7. A bare perusal of the complaint filed by the respondent No. 2 clearly reveals that all the acts of cruelty and the act of criminal breach of trust were committed at Gwalior in Madhya Pradesh. Not a single act of cruelty is alleged to have been committed at Jaipur. The complainant was allegedly locked up in a room and denied food at Gwalior; the alleged demand of dowry of Rs. 5 lacs by the father-in-law was made at Gwalior; when the complainant’s father came to Gwalior, she was denied the right to meet him at Gwalior; when the complainant came back with her brother, she was denied the right to enter the house. Therefore, prima facie all the acts of cruelty were committed at Gwalior. The dowry articles given by the complainant’s family and in-laws were lying in the matrimonial home at Gwalior. The refusal to deliver the Stridhan was made at Gwalior. Thus, even the alleged commission of breach of trust was at Gwalior. Therefore, both the offences under Sections 498A and 406, IPC were committed at Gwalior and not at Jaipur.

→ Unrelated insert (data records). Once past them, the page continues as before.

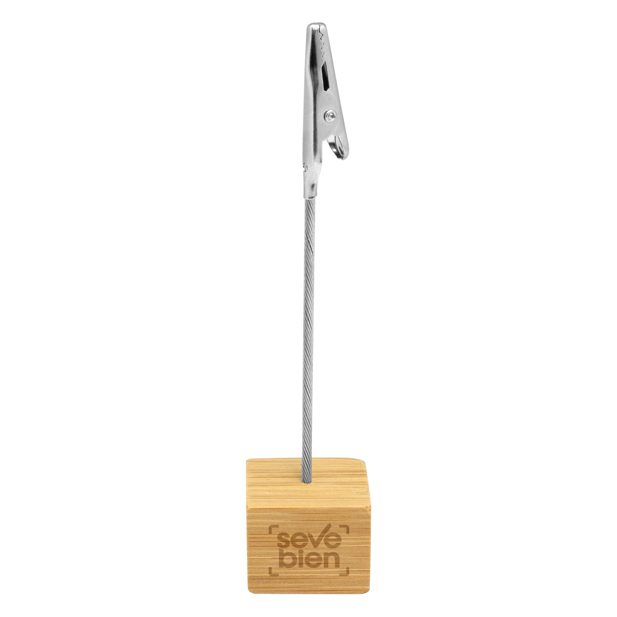 2,5 x 2,5 x 2,5 cm. Alto 11,5 cm Bambú y metal. Memo clip de escritorio con base cúbica en bambú. Broche pinza cocodrilo de metal. Práctico, útil y transportable.. Medidas Ancho: 28.0 . Medidas Alto: 39.0 . Medidas Profundidad: 53.0
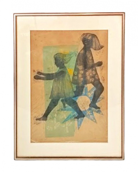 • Zorávia Bettiol (Porto Alegre RS 1935): "A Cabra cega", Xilogravura, ass. inf. dir. e dat. 1964, exemplar 5/30. Med. Mi 70 x 50 cm  Me 80 x 60 cm
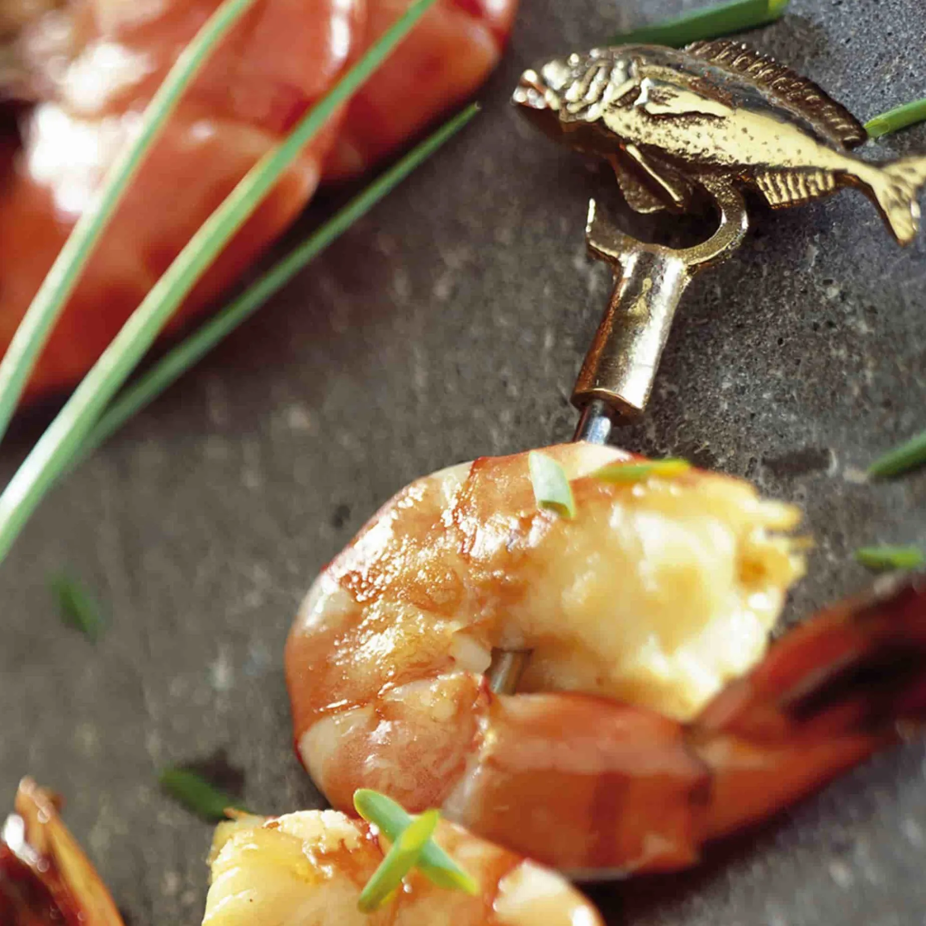 Use Triangle’s steel skewers to make kebabs and chicken satay. Presented as a set of four, the skewers have a sharp tip for skewering meat and vegetables. The skewers are topped with animal heads made from solid brass. Each one is different – choose from the rooster, fish, bull or ram.
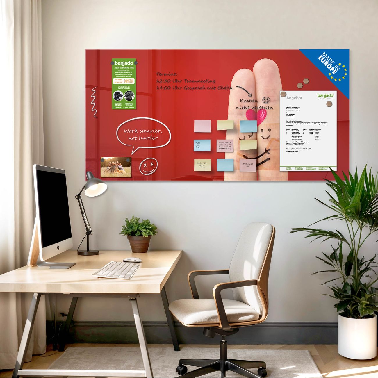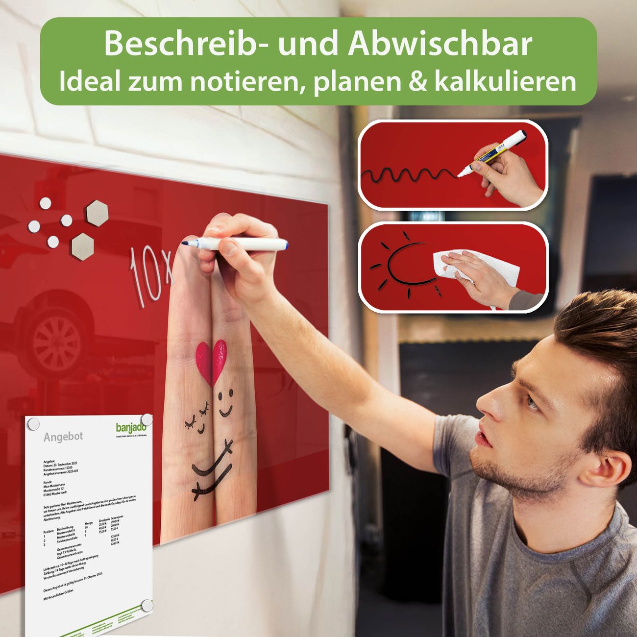 Jede Glas Magnettafel wird in unserer Werkstatt von Hand gefertigt und sorgfältig geprüft. So erhalten Sie ein echtes Qualitätsprodukt, das Funktion und Ästhetik perfekt vereint.?? Warum banjado?

8. According to Section 177, Cr.P.C., “every offence shall ordinarily be inquired into and tried by the Court within whose local jurisdiction it was committed”. Since, all the acts of the alleged crime were committed at Gwalior, the Courts at Gwalior have the jurisdiction to enquire into and try the said case. Since, neither of the two offences were committed at Jaipur, the Courts at Jaipur do not have the territorial jurisdiction to try the same. In the case of Smt. Sujata Mukherjee v. Prashant Kumar Mukherjee (supra), the appellant Smt. Sujata Mukherjee was tortured by her in-laws at her matrimonial home and was assaulted by her husband at her paternal home. Thus, a part of the offence also occurred at the place of the paternal home of Smt. Sujata Mukherjee. Therefore, the Hon’ble Supreme Court held that since the part of the offence had occurred at the place of the paternal home of the complainant, the Local Magistrate had the jurisdiction to try the case under Section 178-C. But the case of Smt. Sujata Mukherjee (supra) is distinguishable from the present case as no part of the offence is alleged to have been committed at Jaipur. While considering the case of Smt. Sujata Mukherjee (supra) and distinguishing it on the facts of the case, in Y. Abraham Ajith (supra), the Hon’ble Apex Court has clearly held that the crucial question is “whether any part of the cause of action arose within the jurisdiction of the concerned Court. In terms of Section 177 of the Code, it is the place where the offence was committed. In essence it is the cause of action for initiation of the proceedings against the accused. It further held that the expression “cause of action” is, therefore, not a stranger to criminal cases. The cause of action consists of a bundle of facts, which give cause to enforce the legal inquiry for redress in a Court of Law. In other words, it is a bundle of facts, which taken with the law applicable to them, gives the allegedly affected party a right to claim relief against the opponent. It must include some act done by the latter since in the absence of such an act no cause of action would possibly accrue or would arise”.
9. In the instant case, since all the acts and omissions were done at Gwalior, therefore, the cause of action arose in Gwalior and not in Jaipur. Hence, relying on, the principle of law as enunciated by the Hon’ble Supreme Court in the case of Y. Abraham Ajith (supra), we are of the opinion that the Courts at Jaipur do not have the territorial jurisdiction to try the case at Jaipur. Hence, the cognizance order dated 4.12.2004 passed by the Judicial Magistrate is quashed and set aside. However, the respondent No. 2 is free to initiate criminal proceedings against the petitioners in a competent Court at Gwalior.
10. With these observations, this petition is allowed.